Und darauf haben es die Verbündeten diesmal eben abgesehen. [3]
Mit ihrem Einsatz – dem größten in der Geschichte der
NATO, wie ihre Brüsseler Exekutive stolz vermeldet – gehen
sie bewußt über den moralischen Vorwand und über die
militärischen Kapazitäten des unmittelbaren Gegners um ganze
Größenordnungen hinaus, überschreiten auch absichtsvoll
jede "Schmerzgrenze" bei den indirekt Betroffenen der
Luftschlacht – in der klaren Absicht nämlich, jedem, den es
angehen mag, die Kompromißlosigkeit und Unwiderstehlichkeit ihres
Abschreckungsregimes vor Augen zu führen. Die Schutzmächte
der angegriffenen bosnischen Serben sind für diese Botschaft die
erste Adresse: die rest-jugoslawische Serbenrepublik, die es gar nicht
erst wagen soll, sich herausgefordert zu sehen und eine Antwort von
vergleichbarer Art zu erwägen; dahinter und vor allem die
slawische Großmacht Rußland, für die dasselbe gilt.
Anders – so müssen die NATO-Mächte kalkuliert haben
– wird nie etwas aus ihrer gesamtwestlichen Weltherrschaft nach
dem Ende des sowjetischen Dauereinspruchs.

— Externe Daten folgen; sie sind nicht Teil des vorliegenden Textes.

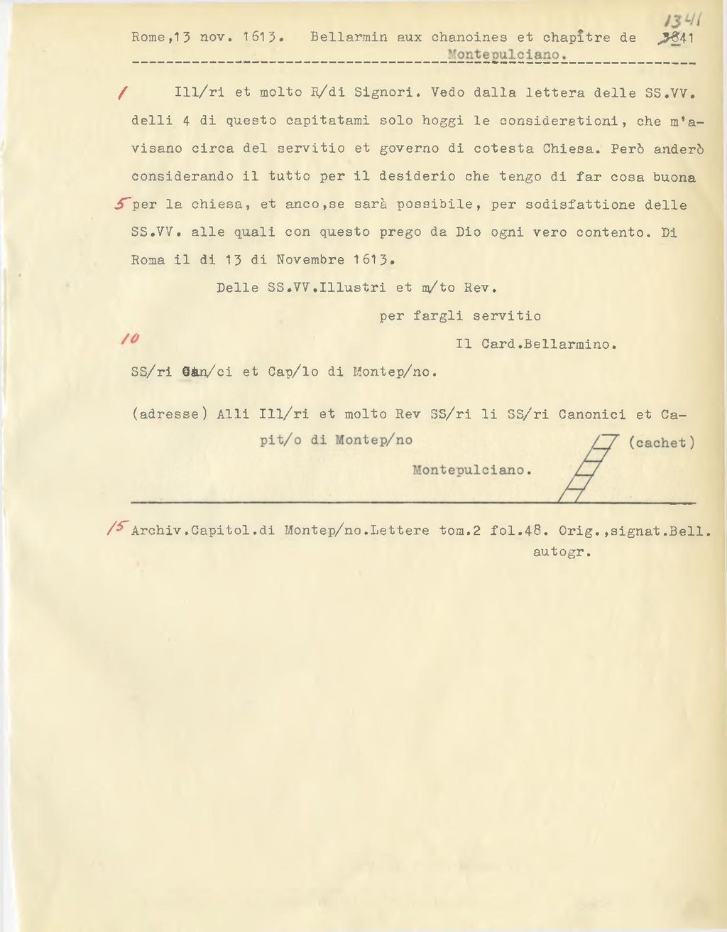Ill. ri et molto R. di Signori. Vedo dalla lettera delle SS. VV. delli 4 di questo capitatami solo hoggi le consideretioni, che m'avisano circa del servitio et governo di cotesta Chiesa. Però anderò considerando il tutto per il desiderio che tengo di far cosa buona per la chiesa, et anco, se sarà possibile, per sodisfattione delle SS.VV. alle quali con questo prego da Dio ogni vero contento. Di Roma il di 13 di Novembre 1613.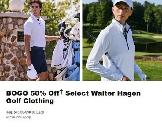 Get it now! Shop in store and enjoy BOGO 50% off select Walter Hagen golf clothing.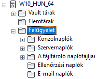 Konzol-, szerver-, fájltároló, felülvizsgálati és e-mail-naplófájlok elérése a Kezelés mappában.
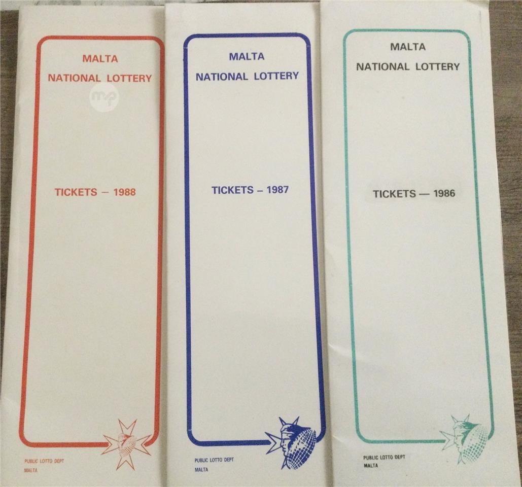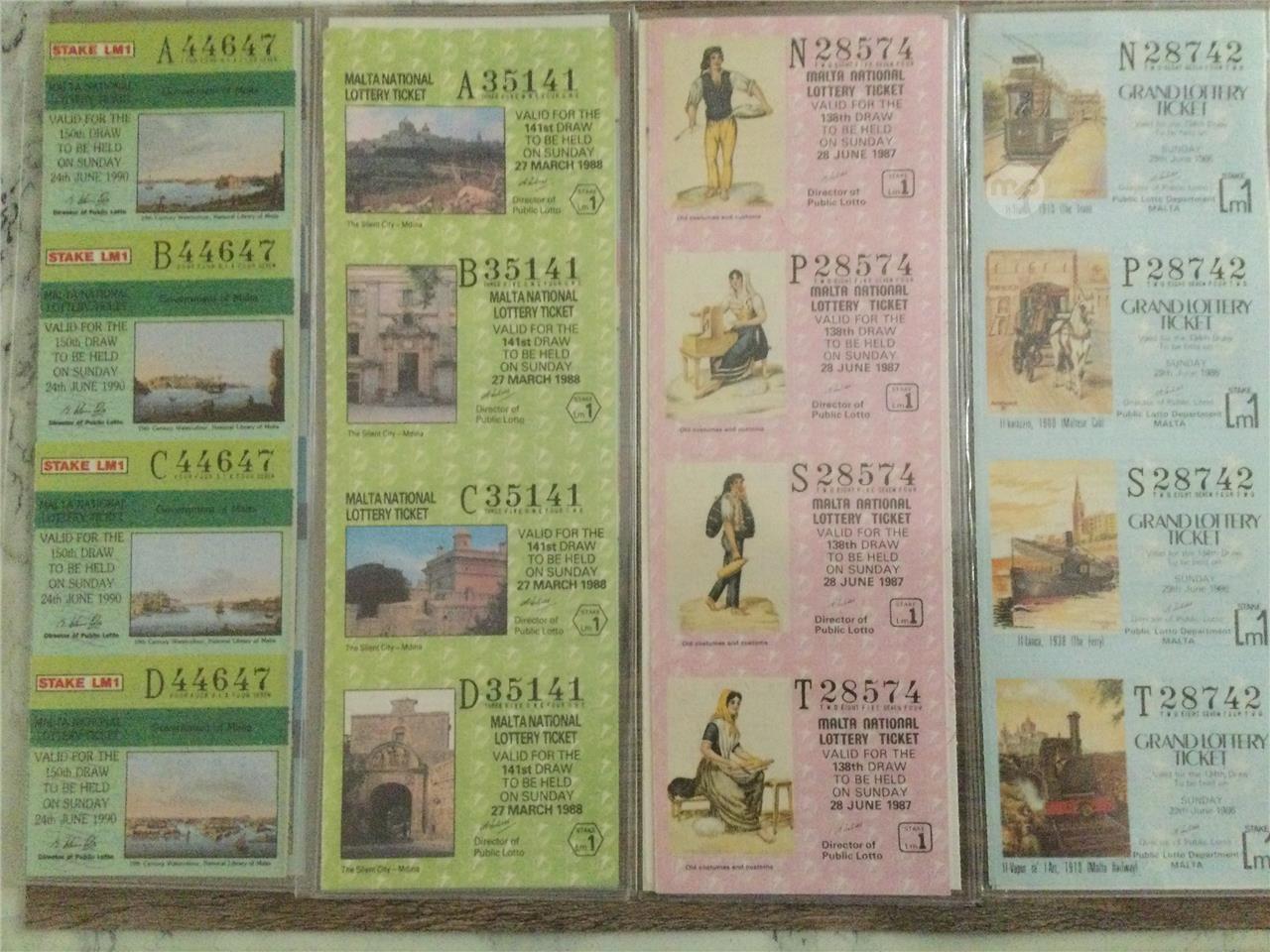 Malta National Lottery Tickets - 1986/7/8 and 1980, in excellent condition (please excuse the photos due to bad lighting.) All folders are available however the 1990 folder has some scribbling on it. Each folder has 16 tickets, not 4 as appears in photos.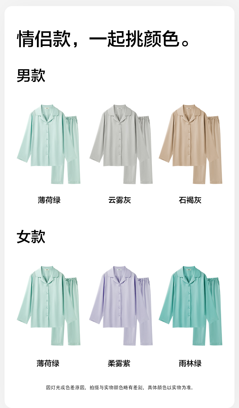 有棵树夏季缎面抗皱情侣家居服套装-S0015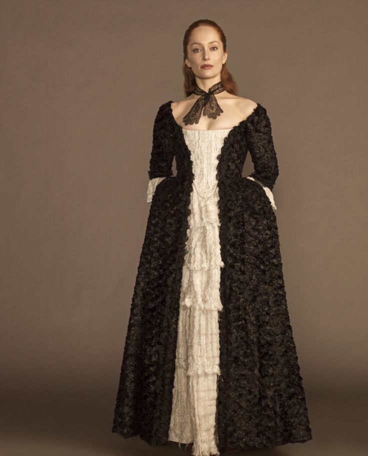 Claire looks amazing with her fur cowls and cloaks, but Geillis really takes the cake in this episode. From her filmy shawl in her woodland ritual to the point-hooded cloak in the woods to her black-and-white dress at the end, Geillis continues to have one of the most unique looks on the show.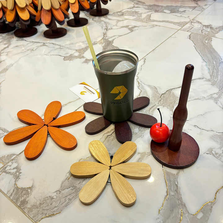 แผ่นรองแก้วไม้ธรรมชาติ 99 Gold Data สำหรับวางแก้ว จาน หม้อ ใช้บนโต๊ะอาหาร MOQ ต่ำ จากเวียดนาม-โดยคุณไวโอเล็ต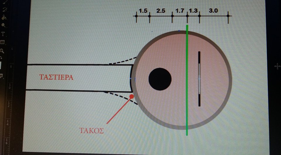 Η γωνία νομίζω σου βγαίνει λίγο μεγάλη με 3 εκ. από τον χορδοκράτη και δεν ξέρω αν σε βολέψει στο παίξιμο (εγώ θέλω μεγαλύτερη απόσταση για να βολευτώ).

Über diesem einigenden Grund vergessen die Beteiligten freilich
durchaus nicht ihren jeweiligen nationalen Zweck. Jede der so heftig
engagierten Großmächte ist nämlich darauf aus, aus der
alle Verhältnismäßigkeit sprengenden gemeinsamen
Gewalttat je für sich den Vorteil einer unbedingt
glaubwürdigen und verläßlichen Abschreckungsmacht zu
gewinnen. So gibt der US-Präsident aus dem Urlaub betont locker zu
verstehen, daß das Ganze im Rahmen der amerikanischen
Verhandlungsinitiative seinen Platz hat und daß Amerika damit
seiner Führungspflicht in der Allianz nachkommt. Die
französische Führung versäumt es nicht, mitten im
alliierten Bombenhagel die Granaten der Schnellen Eingreiftruppe zu
zählen und den Eindruck zu erwecken, der Einsatz der NATO-Bomber
wäre gewissermaßen bloß eine flankierende
Maßnahme zum britisch-französischen Geschützdonner;
sehr wichtig auch, daß ein französischer General als Instanz
auftritt, die über Ziele und Dauer des Bombenterrors zu
entscheiden hat. Die Deutschen, deren Tornados in der ersten Phase erst
einmal nicht gefragt sind, begrüßen den Feldzug der
alliierten Luftwaffe betont als NATO-Bündnisaktion, weil sie, noch
vor ihren Einsätzen mindestens schon politisch, als aus der
Allianz nicht wegzudenkendes führendes Mitglied mitgebombt haben
wollen. So zeichnet sich schon während der laufenden
Militäraktion die Konkurrenz der Imperialisten ab, die wieder voll
zu ihrem Recht kommt, wenn dann aus den gemeinsam angerichteten
Verwüstungen die national zurechenbaren politischen Konsequenzen
gezogen werden.
____________
[1] Zur gerechten moralischen Einordnung dieses Kriegsakts mag
die kompetente Stimme des übriggebliebenen Kaiserenkels
genügen: Herr Otto Habsburg hat sich im kroatisch befreiten Knin
umgeschaut und so gut wie keine zerstörten serbischen Häuser
gefunden. Daß er auch keine Serben mehr gefunden hat, geht nach
der öffentlichen Besichtigung der einschlägigen
Flüchtlingsströme als Beitrag zur Einteilung Ex-Jugoslawiens
in problemloser regierbare, weil ethnisch homogene Gebiete in Ordnung.
[2] Deren Aufbau haben die Serben hinter dem Kordon der
UNO-Schutztruppe nicht gestört, obwohl ihre Vertreibung als erstes
Staatsziel der neuen Macht feststand. Soviel zum vielbeklagten "Mißerfolg" des UNO-Mandats.
[3] Sie wiederholen deswegen auch nicht den Fehler von Anfang
vorigen Jahres, ein Ultimatum an die Serben zu formulieren, das zwar
gar nicht auf Erfüllung berechnet ist, den Russen aber das
Manöver gestattet, die herausgeforderte Kriegspartei zu
rechtzeitiger Nachgiebigkeit zu überreden und so den
Präzedenzfall einer Gewaltaktion der westlichen Allianz zu
verhindern. Vgl. hierzu GegenStandpunkt 1-94, S.72.